Вы знаете, чем завершились мои несчастья. Моя Ноэми и перед лицом смерти сохранила преданность мне. Я дал ей свое имя, и она заплатила за него жизнью. Не помню, что было со мной в первые три-четыре страшные года этого страшного вдовства; что я делал, о чем думал, какие сны видел — не знаю.

Оцепенение спало с меня, когда пронесся слух о первых победах Бонапарта. Я был живым трупом, но чувство восторга оживило меня. Так, значит, идеи, в которые я верил когда-то, не были химерой: они воплотились в этом человеке и шли по миру победным маршем. Я почувствовал, что моя обездоленная, погибшая жизнь еще может на что-то пригодиться. В великие эпохи каждый может совершить нечто значительное и нужное, пусть даже так, как это сделал Курций.
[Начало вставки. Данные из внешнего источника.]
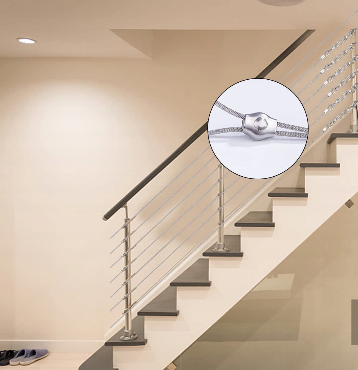 ✔️ ✔ 【STAGE of wire tensioner】: steel cable cord set 3 mm made of 304 stainless steel, stainless steel, Aluminum clamping sleeve made of aluminum, a new cable sleeve with a double hole made of carbon steel, provides good corrosion and rust resistance, hard and durable, allows you to use in all weather conditions, very easy to install and disassemble. Сталь из нержавеющей стали толщиной 3 мм требует прочной резак; Алюминиевая петля зажима M3 требует гидравлического инструмента для зажима, зажимы разъемов и затягивания провода; Кабельные зажимы M3 для стальных канатов увеличивают удобство пользователя, у которого нет инструмента гидравлического зажима и может заменить петлю алюминиевого зажима, просто затяните винты небольшим ключом.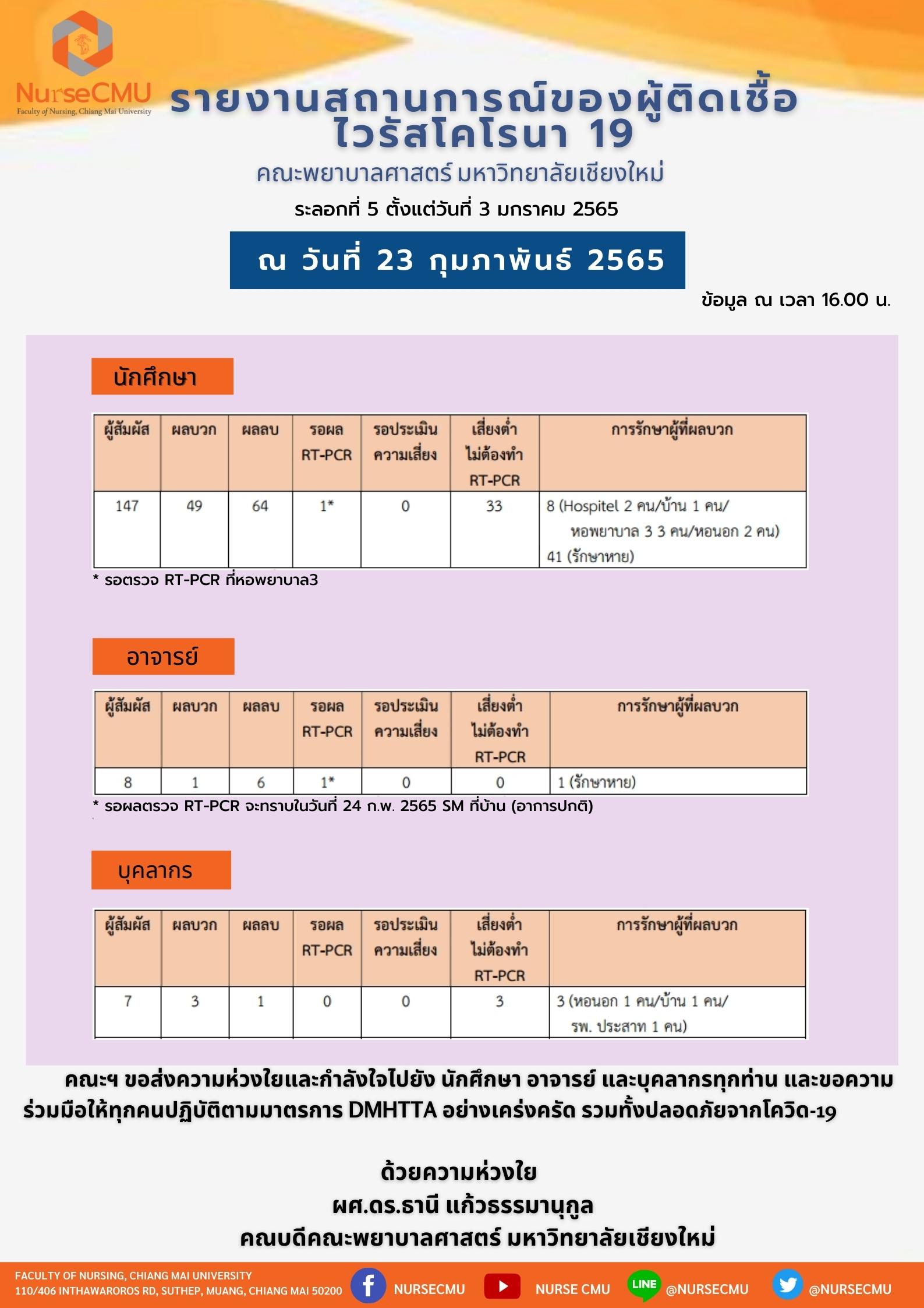 สถานการณ์ผู้ป่วย COVID-19 ในความดูแลของคณะพยาบาลศาสตร์ ประจำวันที่ 23 กุมภาพันธ์ 2565

Я никому и ничем не был обязан, ничто меня не связывало. И я принес свою не имеющую значения жизнь в жертву тому, что называли императорским честолюбием. Я отрекся от своего прошлого, от старых убеждений, наконец, от своей индивидуальности, чтобы раствориться в том человеке, которому было суждено воплотить в себе дух целой эпохи. Я стал чернорабочим его гения, инструментом в его руках. Мне казалось, что, подчиняясь ему, я исполняю волю неумолимой судьбы. Он вел за собой меня, а его вел сам Бог.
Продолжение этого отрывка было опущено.